BLOOMBERG, APRIL 19, 2020
Oil Plunges Below $12 as Storage Rapidly Fills Amid Demand Slump | WTI May contract drops most on record before Tuesday expiry
By Alex Longley for Bloomberg – Oil plunged the most on record to below $12 a barrel in New York as a historic demand slump fills inventories to the brim.
Futures fell as much as 40%. While the collapse reflects the most immediate May contract expiring on Tuesday, it nonetheless highlights a fast-growing glut of oil, and rapidly expanding stockpiles at the American hub at Cushing, Oklahoma. OPEC+’s record production cuts from next month are paling in the face of this evaporating demand.
The upcoming May contract’s expiry means traders are shifting their positions to June as they try to avoid taking deliveries of cargoes because of the lack of space to store them. That has opened up an unprecedented discount of more than $10 between the two nearest contracts.
There are signs of weakness everywhere. Buyers in Texas are offering as little as $2 a barrel for some oil streams, raising the possibility that producers may soon have to pay to have crude taken off their hands. China reported its first economic contraction in decades on Friday, an indication of what’s to come in other major economies that have yet to emerge from coronavirus-driven lockdowns.
“There is no limit to the downside to prices when inventories and pipelines are full,” commodities hedge fund manager Pierre Andurand said on Twitter. “Negative prices are possible.”
Crude stockpiles at Cushing — the key U.S. storage hub — have jumped 48% to almost 55 million barrels since the end of February. The hub had working storage capacity of 76 million as of Sept. 30, according to the Energy Information Administration.

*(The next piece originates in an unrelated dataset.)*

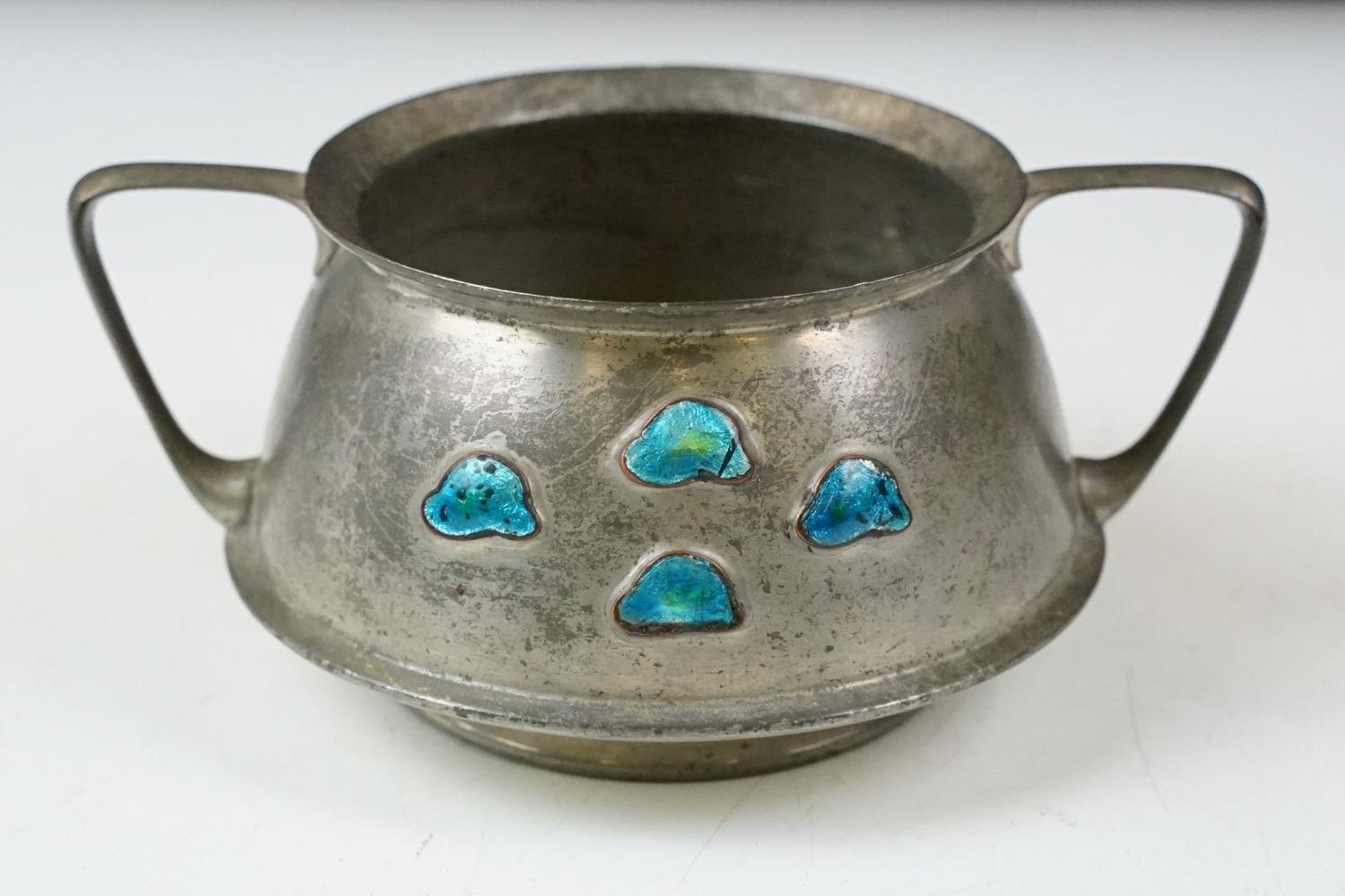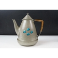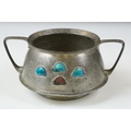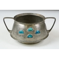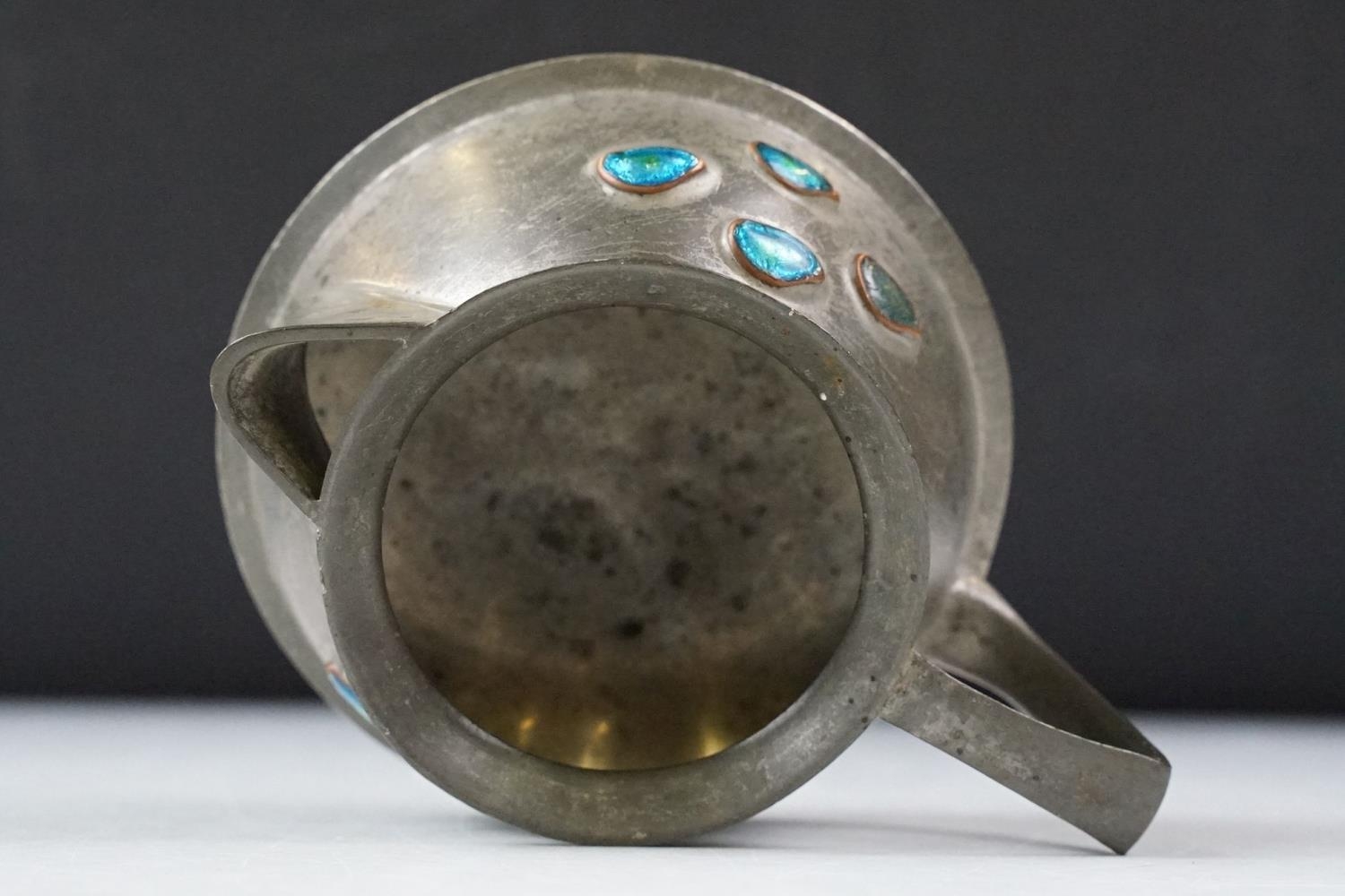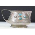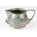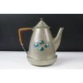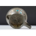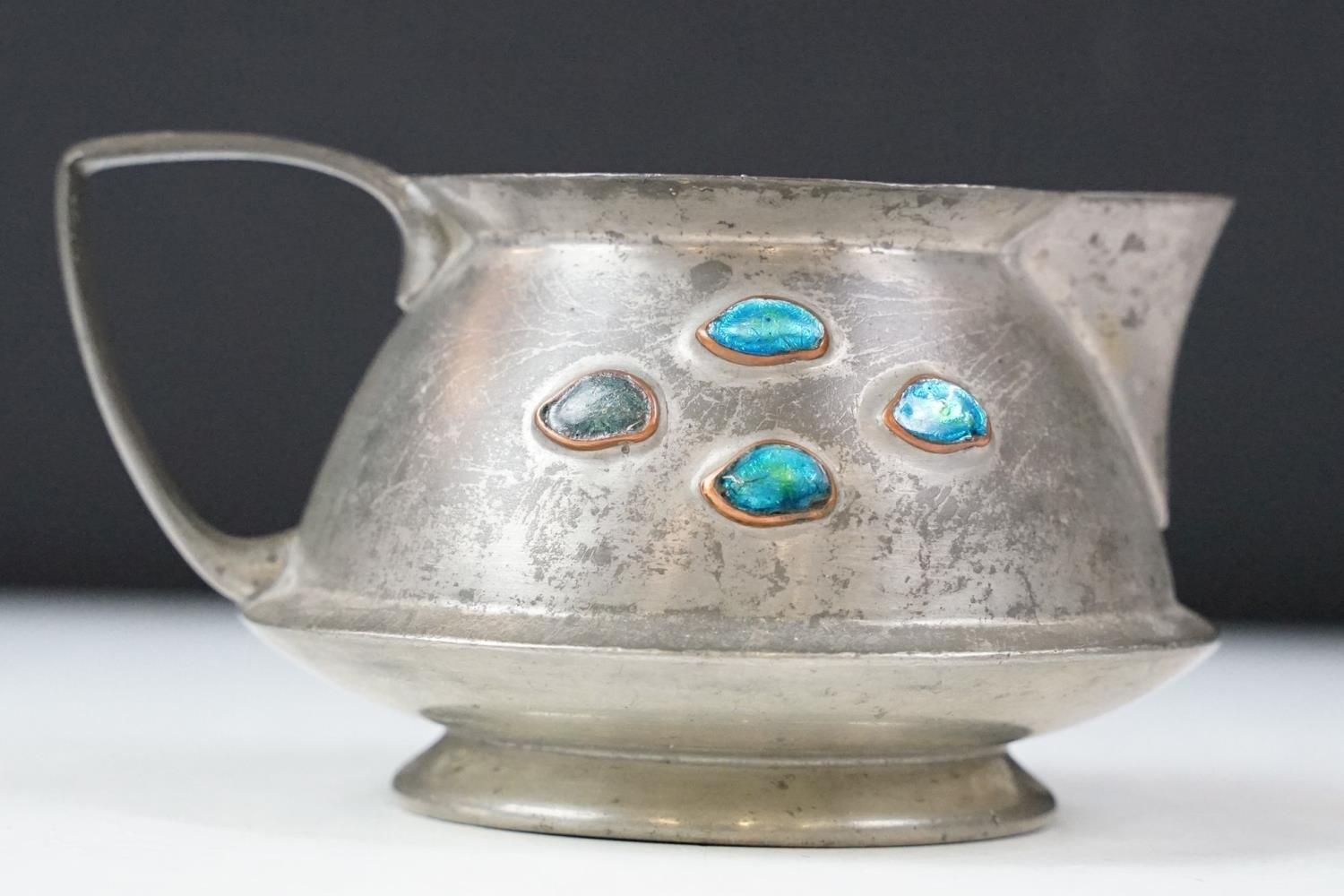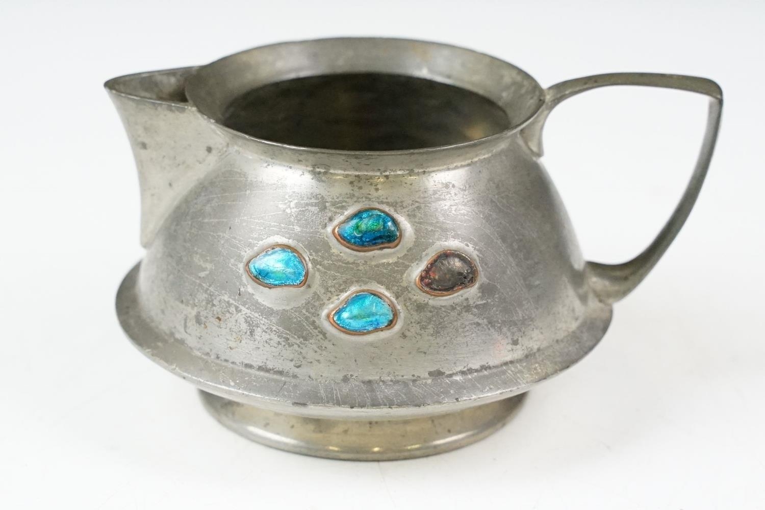 An early twentieth century pewter tea set with peacock enamel decoration in the style of archibald knox.

“Buyers in Texas are offering as little as $2 a barrel for some oil streams”
Despite the weakness in headline prices, retail investors are plowing money back into oil futures. The U.S. Oil Fund ETF saw a record $552 million come in on Friday, taking total inflows last week to $1.6 billion. The fund has said it would move some of its WTI holdings into the July contract, citing regulatory and market conditions.
The price collapse is reverberating across the oil industry. Crude explorers shut down 13% of the American drilling fleet last week. While that could cut production, with companies crimping their spending, it may not be enough.
“U.S. shut-ins are gaining pace, but not fast enough to avoid storage filling to max,” said Paul Horsnell, head of commodities at Standard Chartered.